In Fontainebleau Florida Hotel LLC v. Westchester Surplus Lines Insurance Co., No. 3D23-1264 (Fla. 3d DCA Mar. 19, 2025), the Third District Court of Appeal affirmed a trial court’s dismissal of business interruption claims arising from the COVID-19 pandemic. The business owners of the Fontainebleau Florida Hotel alleged their pandemic-related losses were covered under the Business Interruption provisions of their insurance policies. The insurers denied coverage, citing the absence of any “direct physical loss” or property damage as required by the policy language.

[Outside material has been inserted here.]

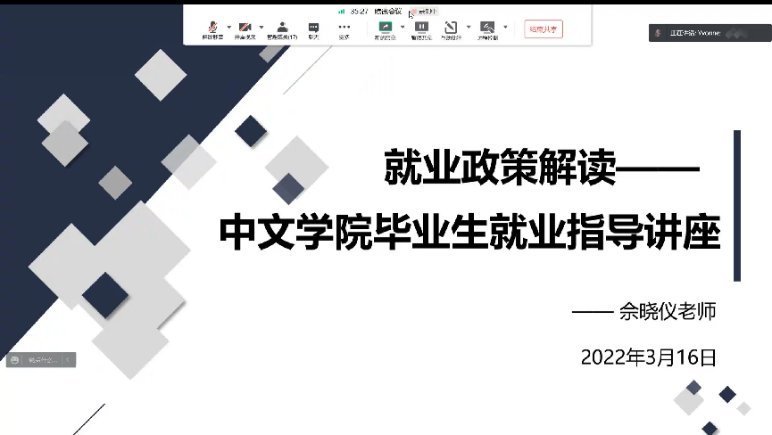 佘晓仪老师鼓励同学们抓住机会,结合自身感兴趣的方面,多去了解一些招聘岗位,积极投简历、参与线上招聘会,现在正值三、四月,是一个寻求就业的好时机,希望同学们都能够找到理想岗位。

The court reviewed the case de novo and focused on interpreting the language of the underlying insurance policies. It found that the policies’ Business Interruption clauses were expressly linked to the “Perils Insured Against” provision, which required “direct physical loss” or property damage. Because the business owners did not allege such physical loss or damage, the court concluded the losses fell outside the scope of covered perils.
The court rejected the argument that Business Interruption coverage existed independently of direct physical loss, emphasizing that insurance contracts must be read as a whole and given their plain meaning. Citing both Florida precedent and insurance treatises, the court affirmed that business interruption coverage only applies when a covered peril causes actual property damage. The ruling further noted that any claim under a pollution policy was not properly pleaded and thus not preserved for review.